To keep herself sane during the pandemic, London-based singer and songwriter Hollie Cook used writing and exercise as a way to maintain her sanity. “It was a distraction and therapy and a nice way to stick one’s head in the sand and enjoy this weird time as best we could,” Cook tells American Songwriter. “I ended up having a really nice time actually, which I feel a little bit guilty to say.” Tending to her home garden and herself, Cook completed a collection of songs emitting more light in darker times.
Co-produced with her General Roots band members drummer Ben Mckone and keyboardist Luke Allwood, who she’s been playing with for the past eight years, and executive produced and mixed by Youth (Martin Glover), who also worked with Cook on her previous release, Vessel of Love in 2018, Happy Hour is layered through Cook’s distinct Lovers Rock—the lovey-dovey reggae that hit the 1970s and early ‘80s London beat—and intricately woven lyrics. Happy Hour is the collage of the music that bred the British artist, daughter of Sex Pistols drummer Paul Cook and Jeni Cook, a former backing vocalist for Culture Club—and Hollie’s godfather Boy George.
In Lovers reggae and hypnotic harmonies, Happy Hour kicks off on the sultrier swoon and longing for love —I’m trapped, I cannot move / Swimming is cool, but there are sharks in the pool / I’m a prisoner locked in a dream/ But thing are not what they seem / And I know what it means /You’re never coming for me, baby—on the title track before uptempo “Moving On” and celestial and physical unions of breezy “Full Moon Baby.”
Coming to Cook while she watered her plants, the more fortified reggae of “Kush Kween” marks a first for the artist, featuring Jamaican singer Jah9. “I wanted to keep ‘Kush Kween’ very feminine and fertile, and I love Jah9’s rich, powerful vocal energy, so I reached out to her on Instagram to see if she would like to join me on the track,” says Cook, who has rarely brought in artist collaborations. “We had met briefly before and the energy was right in person, and it’s magic on this track.”
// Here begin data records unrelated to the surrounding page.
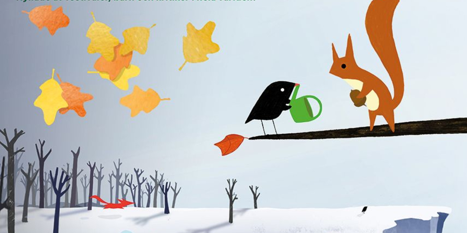 Det är höst. Högt uppe i sitt träd tar Den lilla fågeln hand om det löv som hänger kvar på grenen. Skogen har blivit gul. Då kommer en ekorre och tar Den lilla fågelns vattenkanna! Den lilla fågeln följer efter den fräcka tjuven -och hamnar så på ännu ett spännande äventyr i den föränderliga skogen…
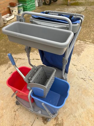 Carro de limpieza con escurridor de fregona y dos cubos de agua. En buen estado. Disponibles 3 unidades. Precio negociable si compras las 3.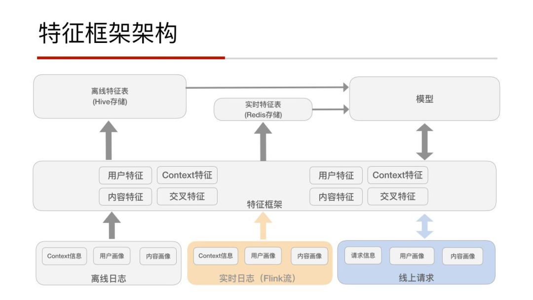 因为以前有许多同学在特征工程这块做过分享,所以这里会说的简单一些。先来说说特征框架。自底向上,主要是三条pipeline的流向,左面的离线日志,中间的实时日志,已经做到了秒级的采集,以及最右边的线上请求数据。中间层特征框架是我们共同抽象出来的共有特征组件,包括线上的请求、实时的处理以及离线的数据,保证了特征的一致性,就是说离线的模型训练与线上的模型预估用的是同样的特征数据,这是非常重要的,如果你在这个部分有偏差的话,就会出现一些特征穿越现象,这也是在早期的推荐系统中非常容易被忽视的一个点。最后是数据的存储,离线日志会存到Hive中,而实时的数据则会存到Redis集群。当线上请求过来的时候,通过特征框架的规范化,去请求模型,最后通过模型得到排序的结果,这就是整个特征框架的一个大致流程。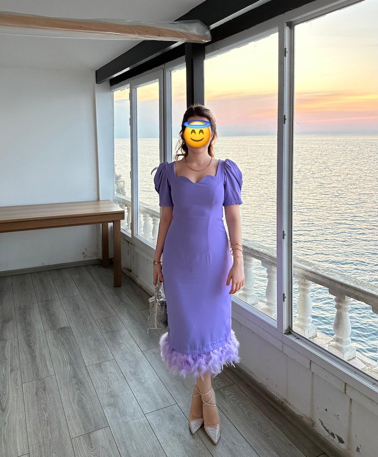 Özel dikim, 1-2 kez giydim. Pastel mor renkte, V yakalı ve kısa balon kollu, vücuda oturan midi elbise. Etek ucu tüy detaylı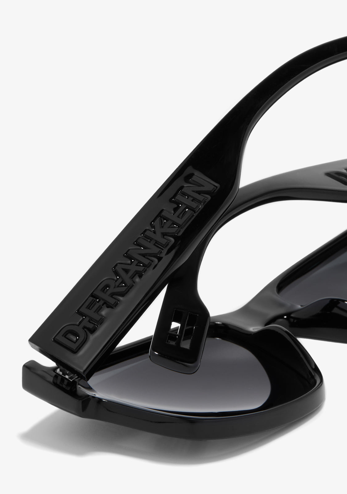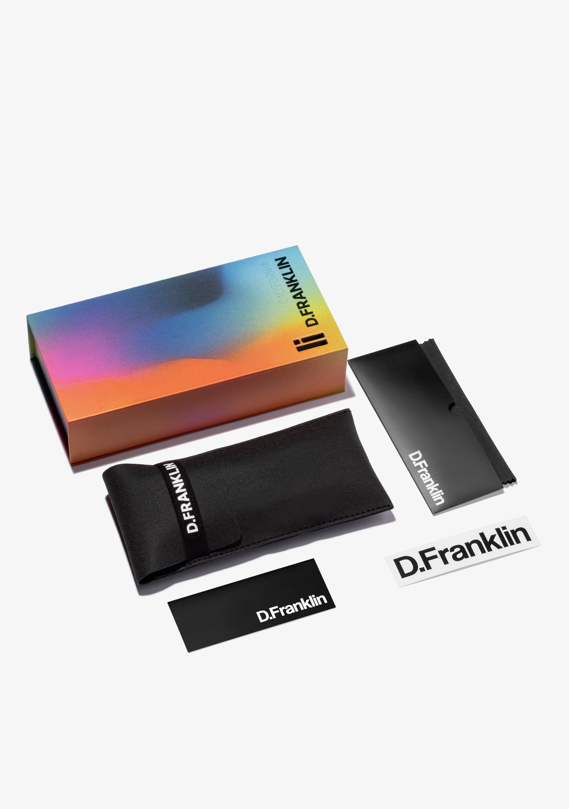 D.Franklin California sunglasses. A model designed in total black and vibrant details. Created with our signature D.Franklin details: logo engraved on both temples and emblem on the right lens. The lens width is 57 mm and the front lens width is 148 mm. Side temples are 145 mm long.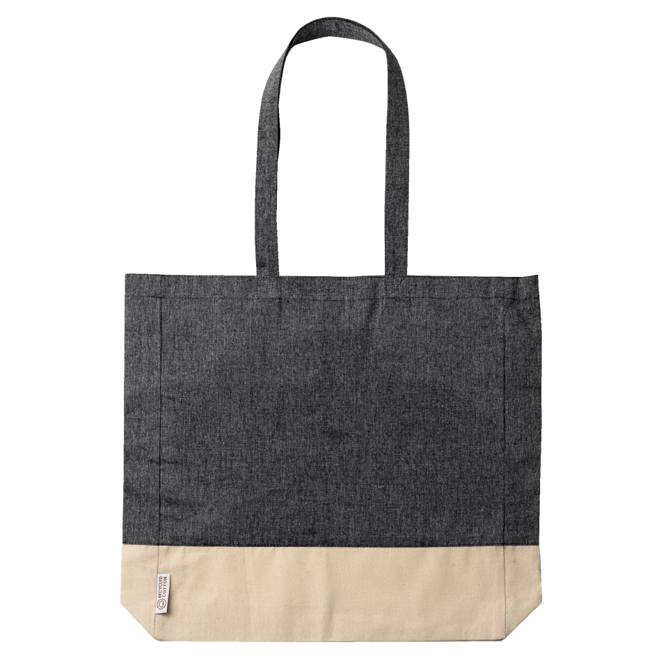 Bolsa bicolor de algodón reciclado con acabado jaspeado y en la parte inferior de algodón natural. Cuenta con asas largas reforzadas de 70 cm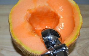 - Prerežite melono, odstranite semena iz središča in uporabite žlico, da sladoled izvlecite vse meso.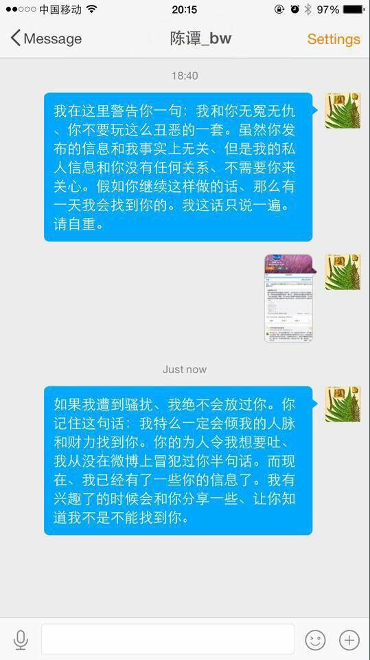 方舟子 @fangshimin · Apr 9蕨代霜蛟发私信恐吓网友。这是骗子的最后一招了。 https://pbs.twimg.com/media/CCMt2FJUAAA7KpC.jpg:large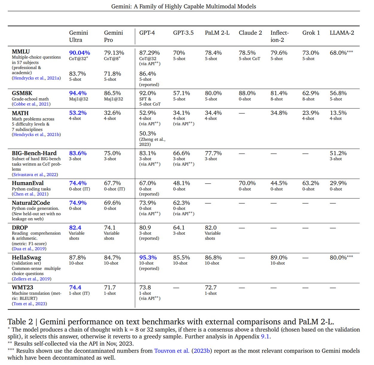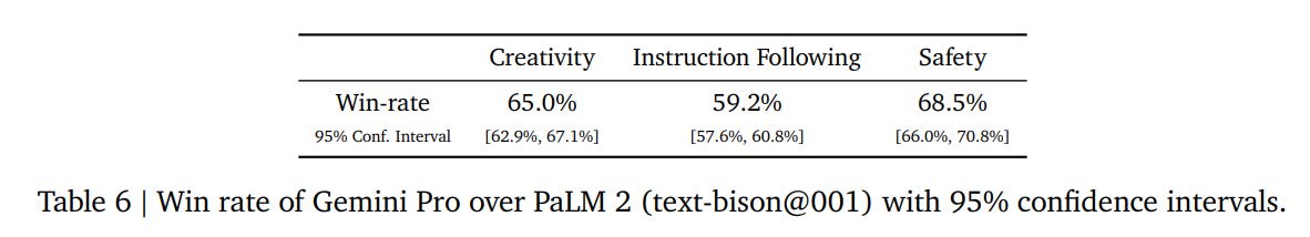Gemini Pro clearly beat out PaLM-2 head-to-head on human comparisons, but not overwhelmingly so. It is kind of weird that we don’t have a win rate here for GPT-4 versus Gemini Ultra.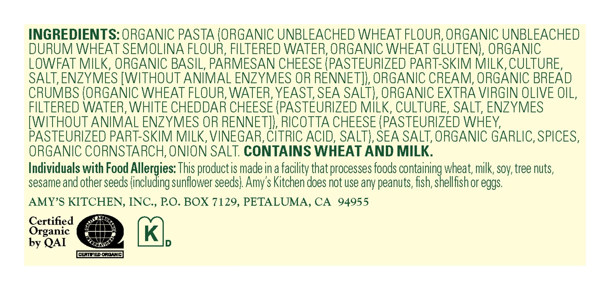 Ingredients: ORGANIC PASTA (ORGANIC UNBLEACHED WHEAT FLOUR, ORGANIC UNBLEACHED DURUM WHEAT SEMOLINA FLOUR, FILTERED WATER, ORGANIC WHEAT GLUTEN), ORGANIC LOWFAT MILK, ORGANIC BASIL, PARMESAN CHEESE (PASTEURIZED PART-SKIM MILK, CULTURE, SALT, ENZYMES [WITHOUT ANIMAL ENZYMES OR RENNET]), ORGANIC CREAM, BREAD CRUMBS (ORGANIC WHEAT FLOUR, WATER, YEAST SEA SALT), ORGANIC EXTRA VIRGIN OLIVE OIL, FILTERED WATER, WHITE CHEDDAR CHEESE (PASTEURIZED MILK, CULTURE, SALT, ENZYMES[WITHOUT ANIMAL ENZYMES OR RENNET]), RICOTTA CHEESE (PASTEURIZED WHEY, PASTEURIZED PART-SKIM MILK, VINEGAR, CITRIC ACID, SALT), SEA SALT, ORGANIC GARLIC, SPICES, ORGANIC CORNSTARCH, ONION SALT.CONTAINS WHEAT AND MILK. Contains: Wheat, Milk, Gluten, Soybeans, Tree Nuts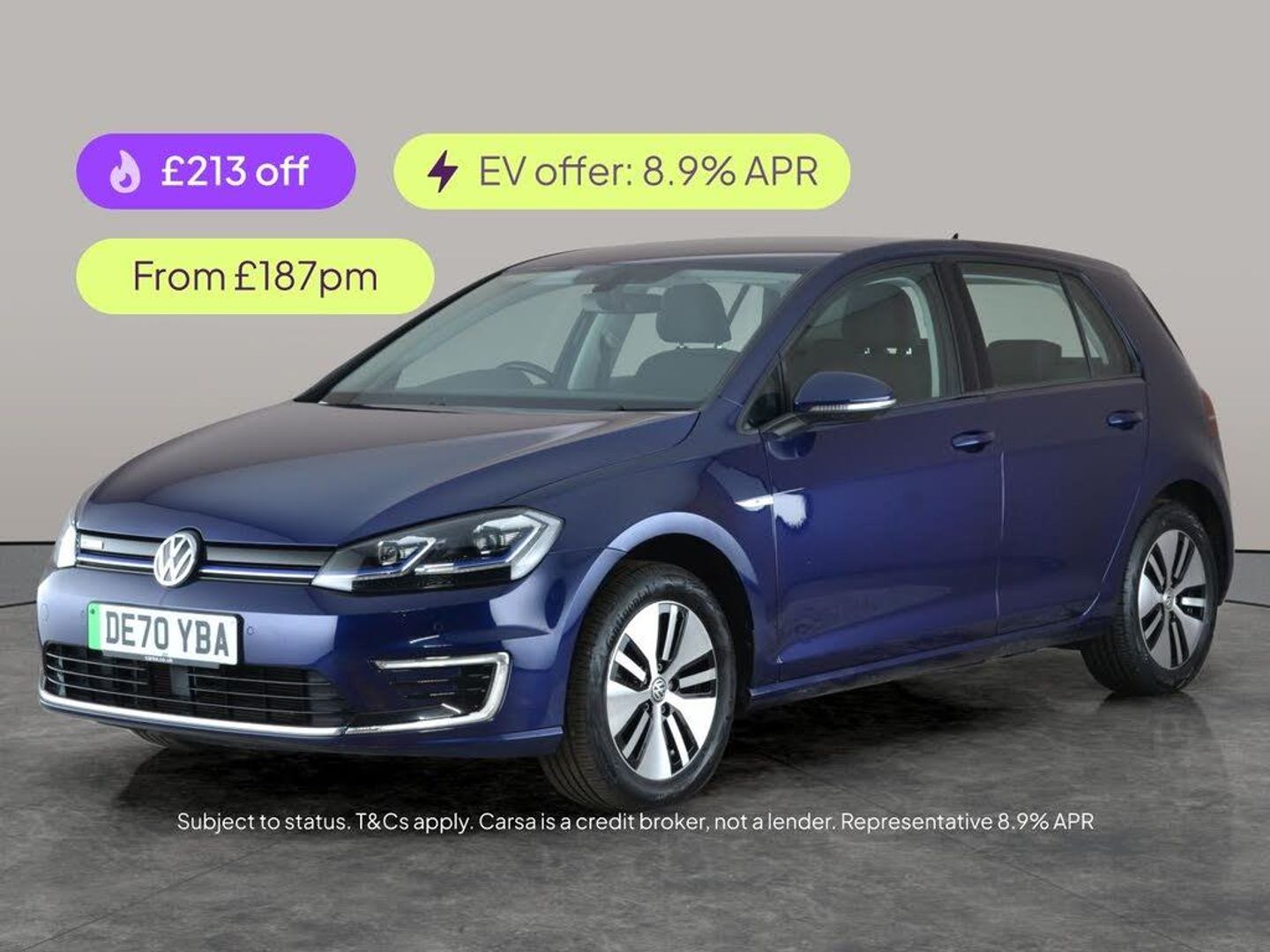 Experience effortless driving with the Volkswagen e-Golf. This stylish blue hatchback comes equipped with adaptive cruise control for stress-free journeys, advanced Bluetooth connectivity, and convenient charging leads for your electric lifestyle. Enjoy the perfect cabin climate with air conditioning and dual-zone climate control, making every trip a pleasure. Embrace the future with the e-Golf's smooth automatic driving and impressive technology. 2 services recorded, last serviced on 27/06/2024 at 17,282 miles. MOT to 13/12/2026. Visit our website for service history, online valuation, full vehicle specification plus multiple images. This vehicle is VAT qualifying. Any feature/option specified here is from 3rd party data. We cannot guarantee the accuracy of any specification supplied by a 3rd party. We recommend that you physically check the specification of the vehicle on site prior to purchase. This information does not form part of the buying contract. Terms & Conditions apply. We have over 2,000 cars available from our 10 national branches, check our website to see all our stock. Our Trustpilot rating is 4.4/5 with over 9,000 reviews.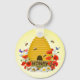 Order this fabulous beekeeping themed key ring for anyone who loves bees and honey! Beekeepers Beehive meadow with honeycomb background.
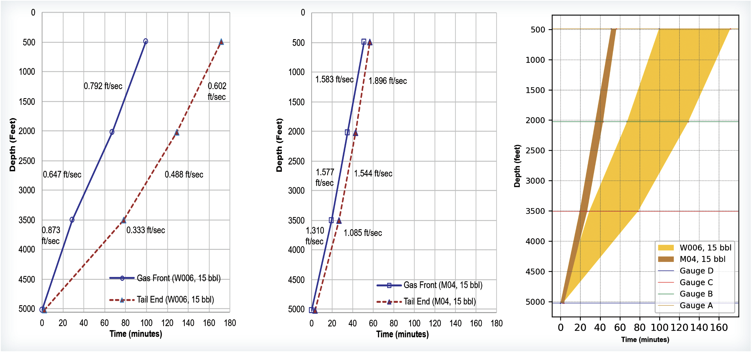 The average gas front and tail velocity between gauges is determined as the slope of the line between the gauge depths. Though both the lead velocity and tail velocity reduced as the gas cloud migrated up, the tail velocity reduced at a faster rate in water. This caused the gas cloud to stretch increasingly during migration. The greater the length of the gas cloud, the lower the gas fraction for a unit length of the annulus. The diverging trend of the gas front and tail end for W06 can be seen in Figure 4. Migration in SBM was finished in a third of the time it took for the same volume to migrate in water.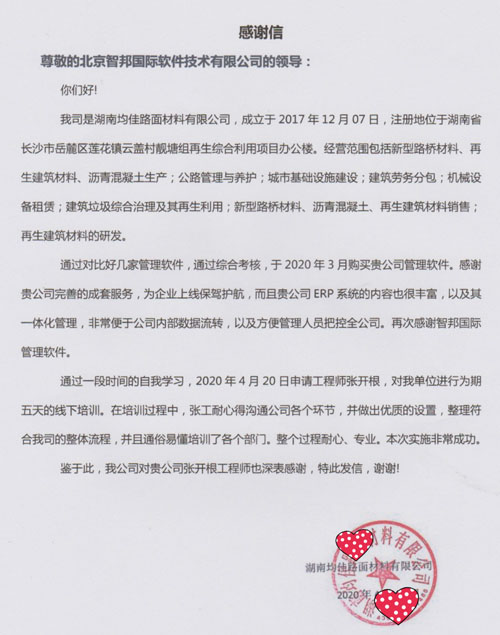 湖南均佳路面材料有限公司向智邦国际送感谢信

Lovers rock pioneer and producer Dennis “Blackbeard” Bovell slyly joins Cook on the closing reggae sermon “Praying,” still wandering around the what ifs with Cook gently imploring somehow we’ll make it through.
Piqued from tracks Cook had initially written in 2018, Happy Hour began forming around “Unkind Love,” with the remainder of the album predominantly written in 2019 while Cook was in Los Angeles and fleshed out the songs with Mckone and Allwood into early 2020.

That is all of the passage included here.